----- The records -----

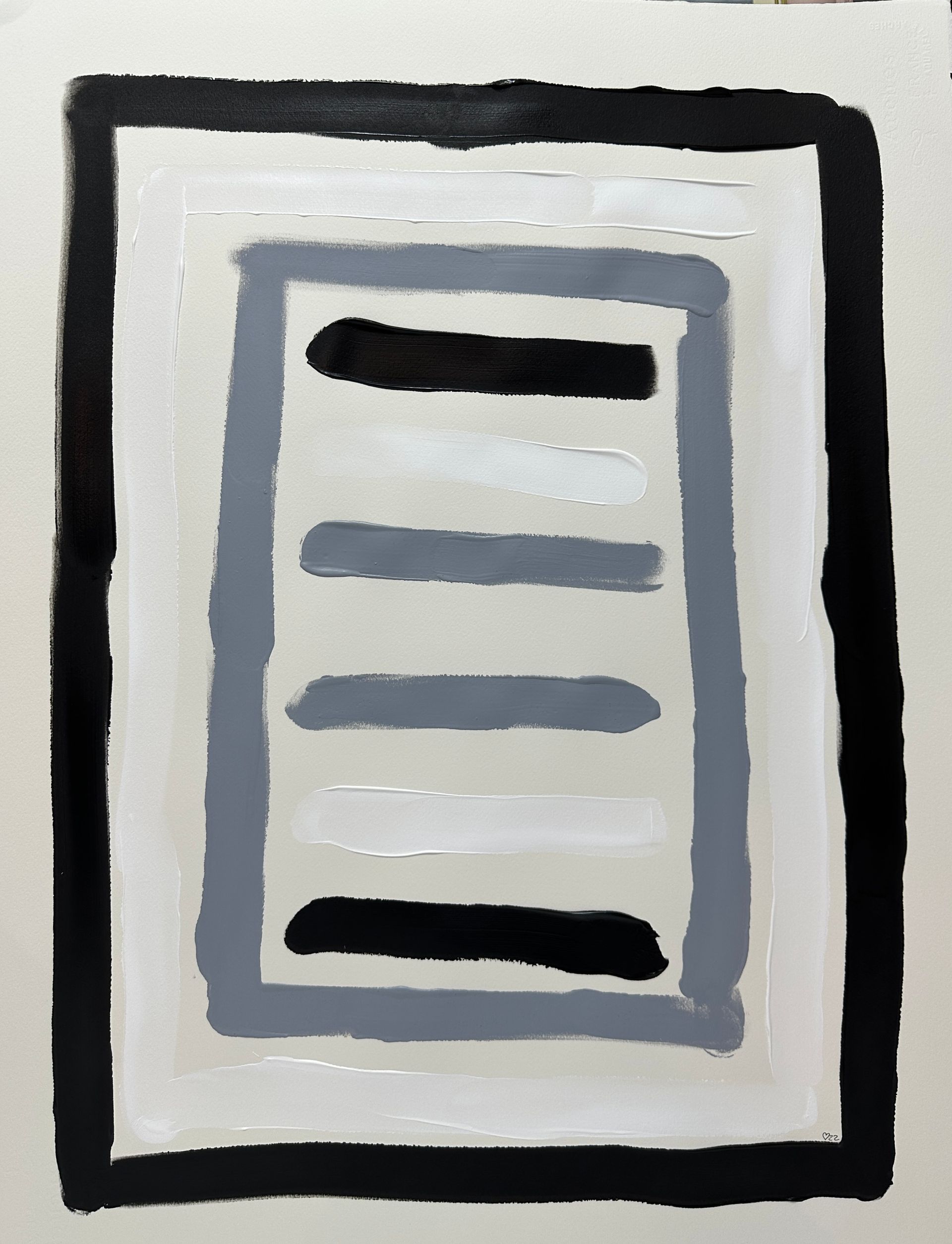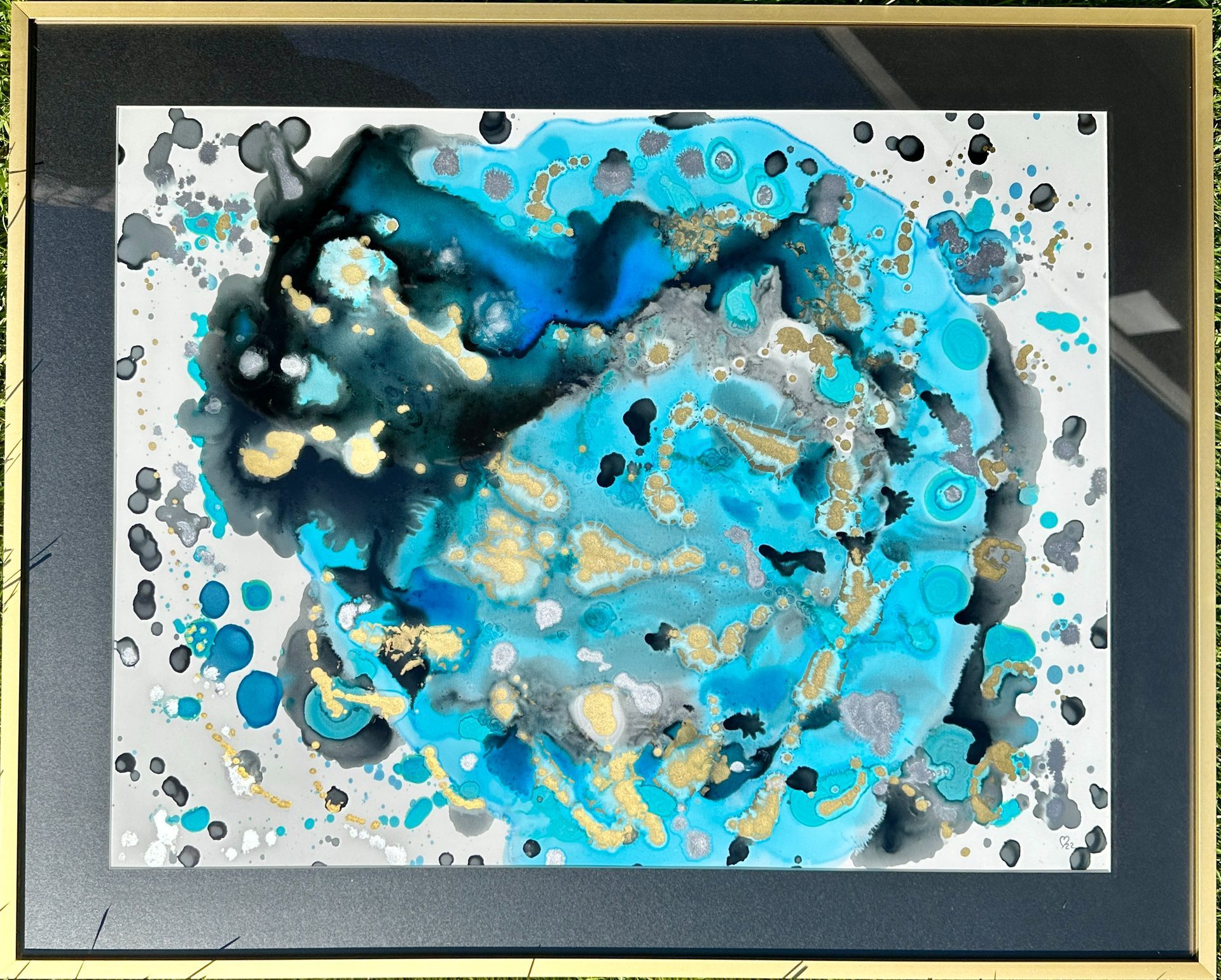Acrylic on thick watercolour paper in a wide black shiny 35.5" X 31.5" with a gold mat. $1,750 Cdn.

-----
----- The records -----

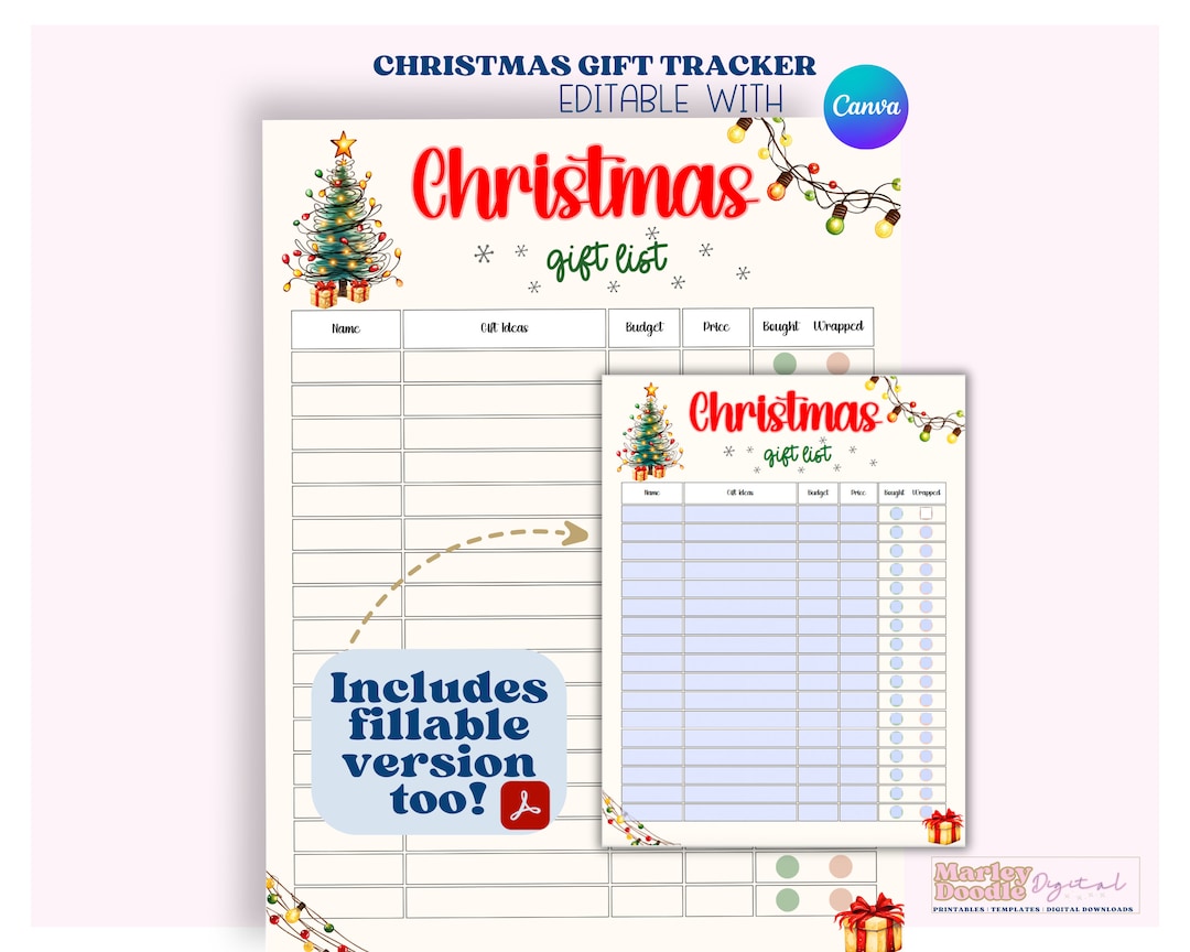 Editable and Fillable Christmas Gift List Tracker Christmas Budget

-----
----- The records -----

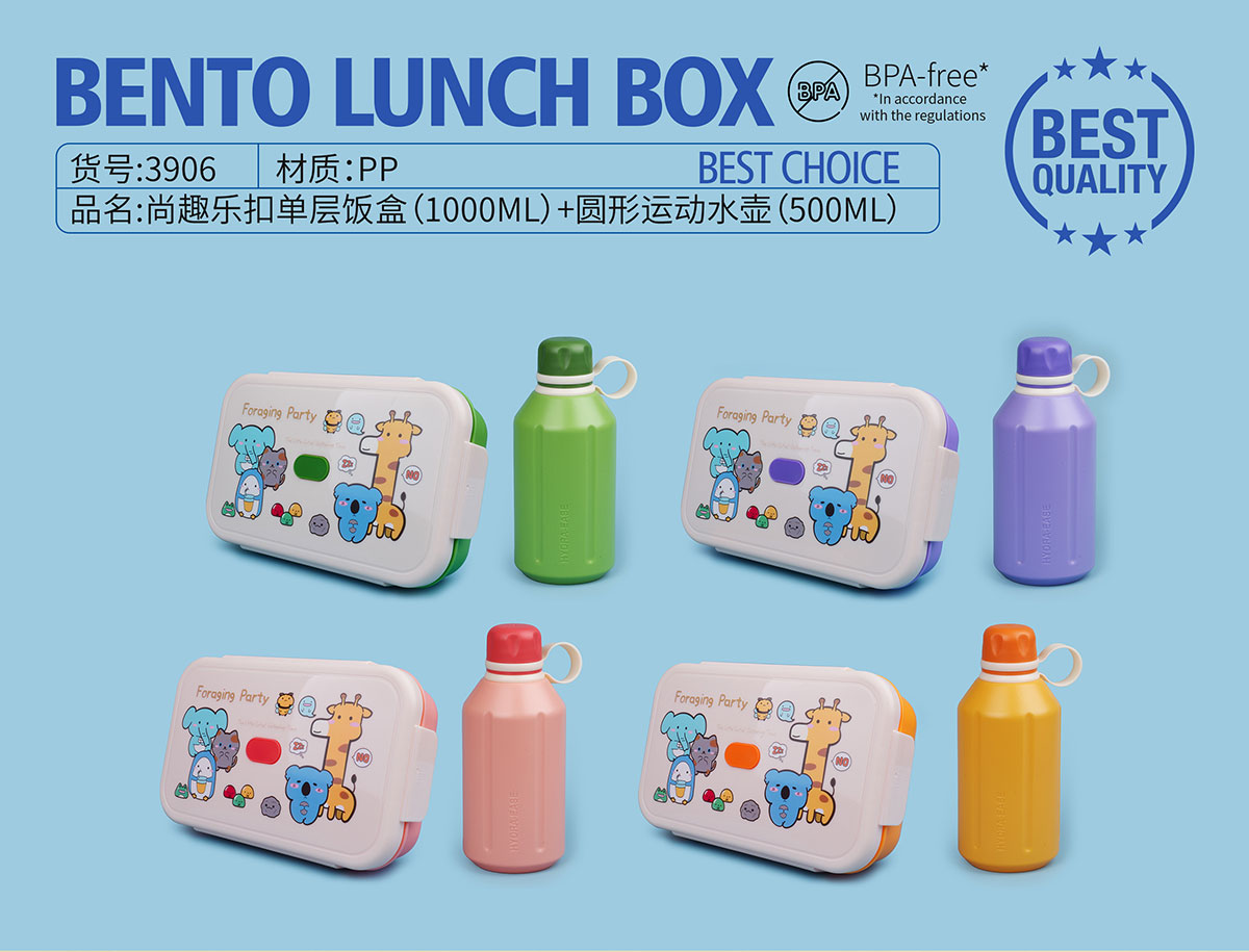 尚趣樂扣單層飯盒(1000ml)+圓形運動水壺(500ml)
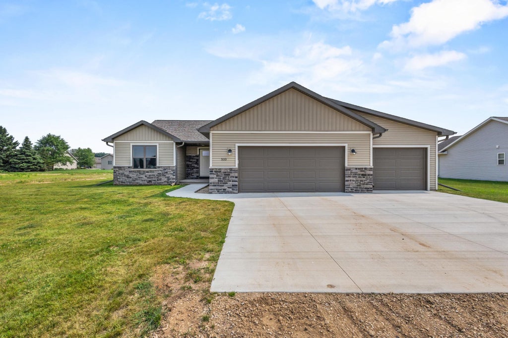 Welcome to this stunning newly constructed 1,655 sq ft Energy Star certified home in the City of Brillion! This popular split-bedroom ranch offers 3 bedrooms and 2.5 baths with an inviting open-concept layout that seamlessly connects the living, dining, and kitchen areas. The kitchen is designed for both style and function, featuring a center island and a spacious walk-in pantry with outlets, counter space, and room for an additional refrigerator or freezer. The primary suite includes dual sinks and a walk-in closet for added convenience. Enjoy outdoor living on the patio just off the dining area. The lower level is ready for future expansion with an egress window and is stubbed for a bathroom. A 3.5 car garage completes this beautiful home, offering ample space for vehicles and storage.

-----

Task to carry out. Output exactly those lines of the data above that run from the line with "尚趣樂扣單層飯盒(1000ml)+圓形運動水壺(500ml)" up to and including the line with "Welcome to this". No pictures go in.

The completed task.
 尚趣樂扣單層飯盒(1000ml)+圓形運動水壺(500ml)
 Welcome to this stunning newly constructed 1,655 sq ft Energy Star certified home in the City of Brillion! This popular split-bedroom ranch offers 3 bedrooms and 2.5 baths with an inviting open-concept layout that seamlessly connects the living, dining, and kitchen areas. The kitchen is designed for both style and function, featuring a center island and a spacious walk-in pantry with outlets, counter space, and room for an additional refrigerator or freezer. The primary suite includes dual sinks and a walk-in closet for added convenience. Enjoy outdoor living on the patio just off the dining area. The lower level is ready for future expansion with an egress window and is stubbed for a bathroom. A 3.5 car garage completes this beautiful home, offering ample space for vehicles and storage.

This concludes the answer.